Steph Viera, an associate producer at the indigenous-led NDN Collective based in Los Angeles, also followed the protest from afar. Viera had never seen such visible Native resistance in a rural location.
“It’s empowering to know that when I show up to a frontline or show up to a protest that I’m not alone,” he said. “As a trans masculine person, as a genderqueer person, I cross state lines a lot of the time for work. Naturally there’s an anxiety about how I will be perceived in the Western world.”
The moment in South Dakota reverberated throughout many tribal communities. For Daniels, it meant coming home in a new way. His own Lakota tribe welcomed him to participate in a ceremony for masculine people that he had long dreamed of. He has continued to participate in new ways that affirm him as a two-spirit person.
Viera also now works with youth in South Dakota. And Williams said her organization has benefited immensely from national support. Last year, the LGBTQ+ organization Way OUT Los Angeles granted Williams’ organization $158,000 to open a community center for transgender kids in South Dakota. The Prism Center opened in Sioux Falls in October, welcome news for many families with trans kids.
HB 1057 ultimately died in committee the day of the protest after Sen. Wayne Steinhauer was ambushed on the floor by a 16-year-old transgender constituent. But this year, the legislature passed a transgender youth health care ban. Gov. Kristi Noem signed it into law in February, the same day the Transformation Project had scheduled its gala.

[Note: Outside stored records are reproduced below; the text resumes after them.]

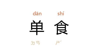 ⒈ 只有一种菜肴的饭食。形容食物简朴。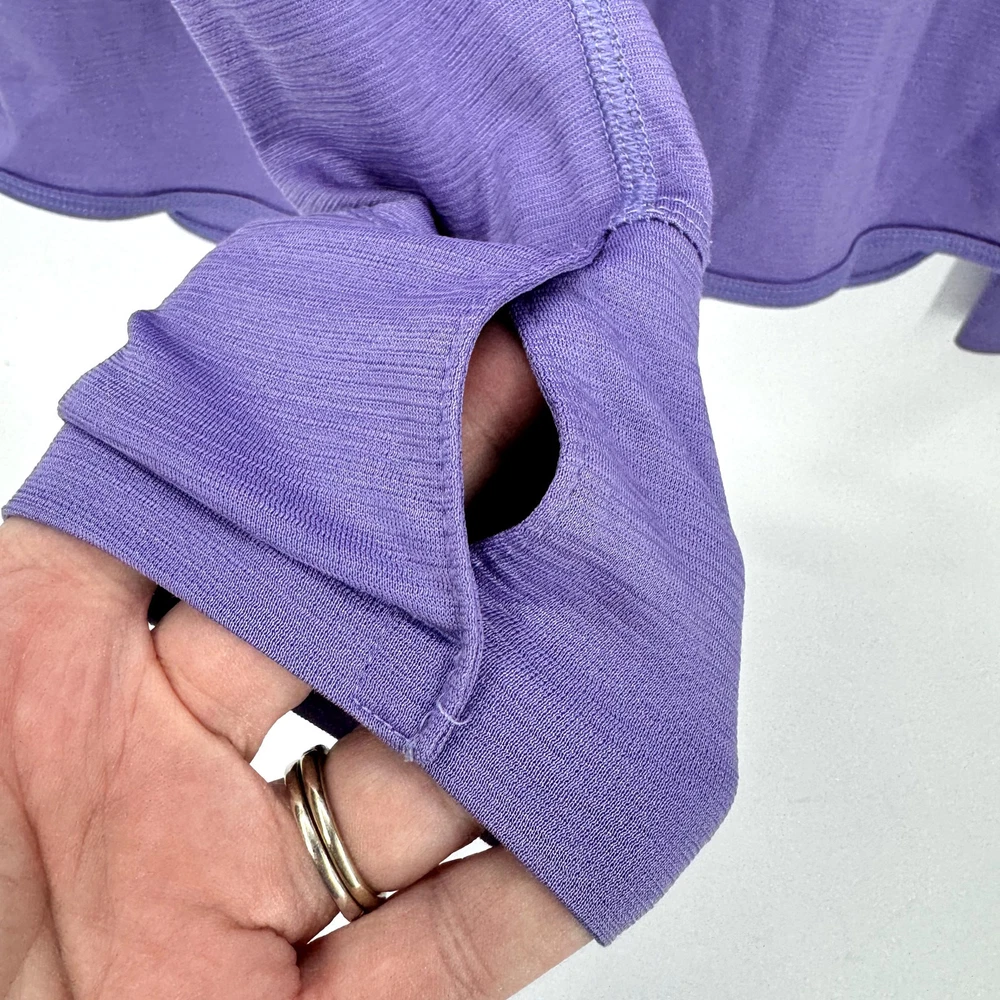 Nike Running Hoodie Womens Medium Purple Pullover Snap Neck Dri Fit + Thumbholes Activewear Long Sleeves Wool Blend Very good condition, see all pictures for views. •Pit to pit: 17" •Shoulder to hem: 26" Ships out same day or next open postal day. Thank you for your purchase, we appreciate you!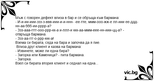 В този момент, първия клиент с говорния дефект побеснял и отива да търси саморазправа с бармана: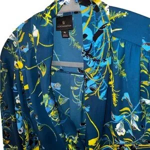 Worthington Blue and Yellow Floral Wrap Top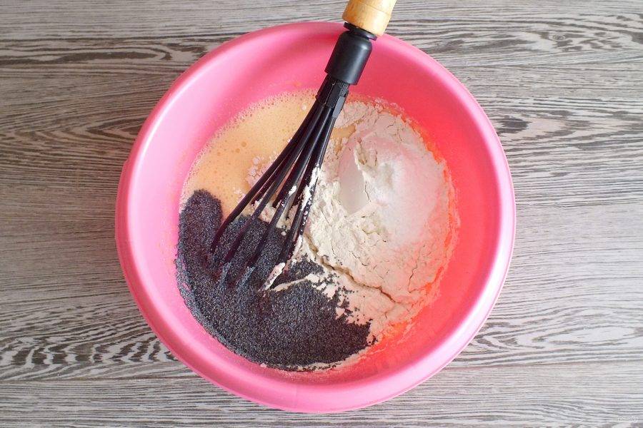Всыпьте муку, разрыхлитель для теста, сухой мак. Перемешайте.
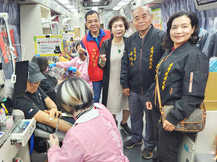 宜得家國際董事長吳國禎(左1)與台灣祀典武廟管理委員會主委林培火(右2)於捐血車上合影。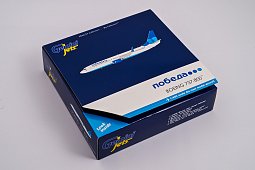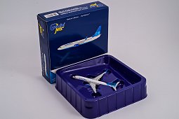Упаковка стандартная для всех моделей производства GeminiJets - их плотного глянцевого картона в темно-синем цвете. На коробку нанесен профиль самолета, логотипы производителя модели и авиакомпании, а также название самолета.
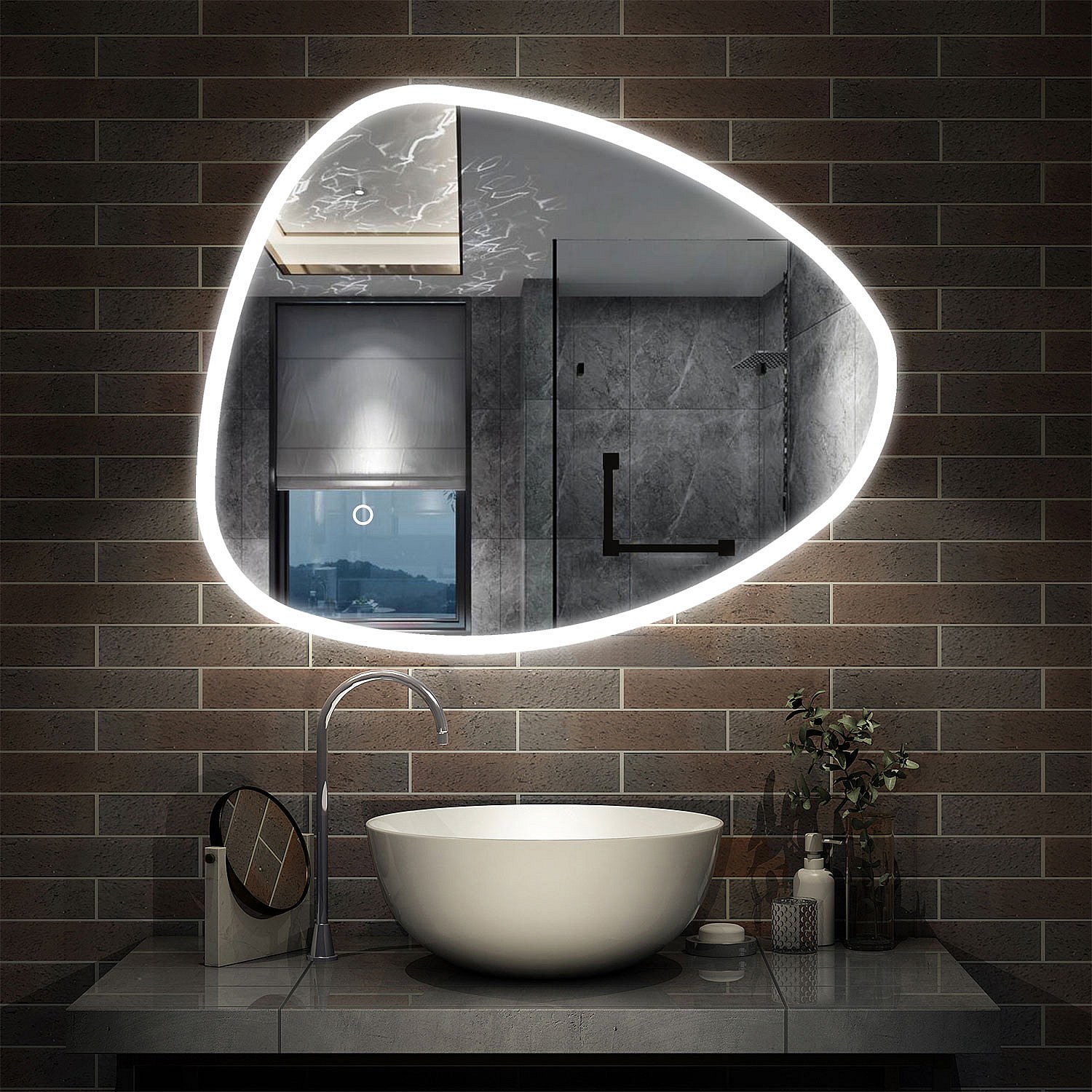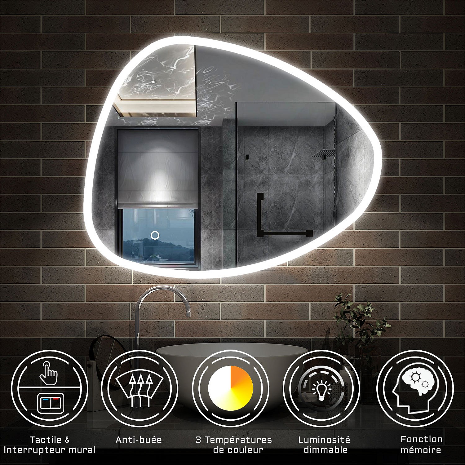 AICA Miroir salle de bain Lumineux 100x80cm Design Asymétrique, Teardrop Mirror, et 3 Colours Dimmable et Anti-buée et Mémoire

“We all just wanted to stay home and curl up under a blanket and cry,” Williams said.
Instead, 250 people showed up to the gala. Anti-trans bills are passing, said advocates. But the community supporting transgender kids is growing more vocal, too. Native people, who have battled removal for generations, are now part of that fight.
“We’re in a time where we have folks coming out and reclaiming that term of two-spirit and stepping into those roles and finding ways that we can heal our people,” Viera said. “That’s something that I think that we’re working on as a community.”